Perhaps inevitably, after the peak came the trough, with a number of startups disappearing, being acquired for pennies on the dollar/pound/euro, lots of layoffs, retrenchments and restructuring.

After years of aggressive funding and growth, Getir is now focusing on his home market of Turkey. GoPuff burned $400 million last year reportedly. And it’s not just the most obvious instant players that are buckling. Oda in Norway, a big grocery contender that also raised and acquired aggressively, has been laying off people in waves and also shrinking its geographic footprint.

Even Ocado, seen by many as the gold standard in this world, has been struggling on weaker earnings and partners pausing their Ocado-powered warehouse projects. 

In that turbulience, Rohlik is both feeling the pressure but also showing some signs of where it might build defenses as it watches closely what the others do. “I know Ocado well,” he said, “our CFO is ex Ocado.” 

Outside of the Czech Republic, the company, which Čupr describes as “20 years in the making” has operations also in Hungary, Austria, Germany (where it operates as Knuspr, as illustrated above) and Romania, and he said that the businesses in its home market, Hungary and Munich are all now profitable.
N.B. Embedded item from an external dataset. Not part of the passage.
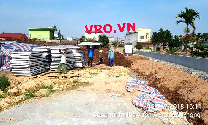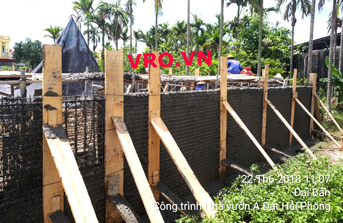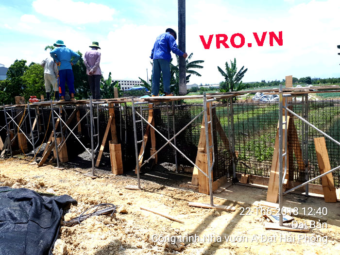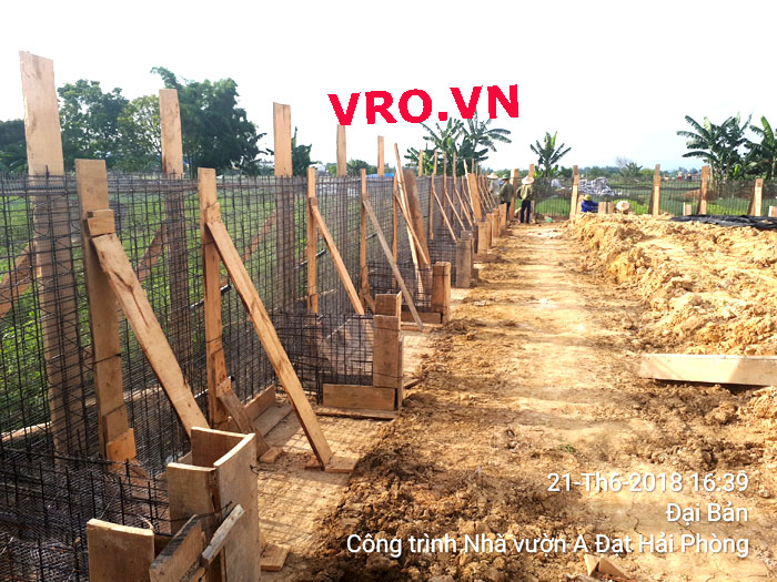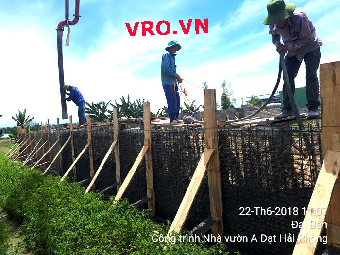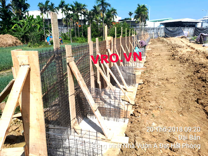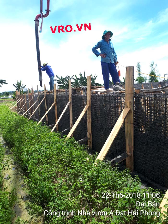 Giải pháp Tường bê tông 3D chắn đất không cốp pha. Tường rào bao che nhẹ, thi công nhanh 3D PANEL VRO - Những hình ảnh thi công tường bao nhà vườn Anh Đạt - Hải Phòng.

The company said that revenues have on average been growing 40% post-covid, and it has set itself a target of €1 billion in revenues and positive cash flow by the end of 2024. It does not disclose, however, what its revenues are right now, so we can’t say if Rohlik is biting off more than it can chew. 

“We first partnered with Rohlik three years ago and have been continuously impressed by the management team’s execution and investment into proprietary technology, automation and increasing use of artificial intelligence across its operations,” said Tamas Nagy, Director, Co-head of Equity Investments at the European Bank for Reconstruction and Development (EBRD), in a statement. “We are very proud to support Rohlik’s growth and expansion plans in the years to come.”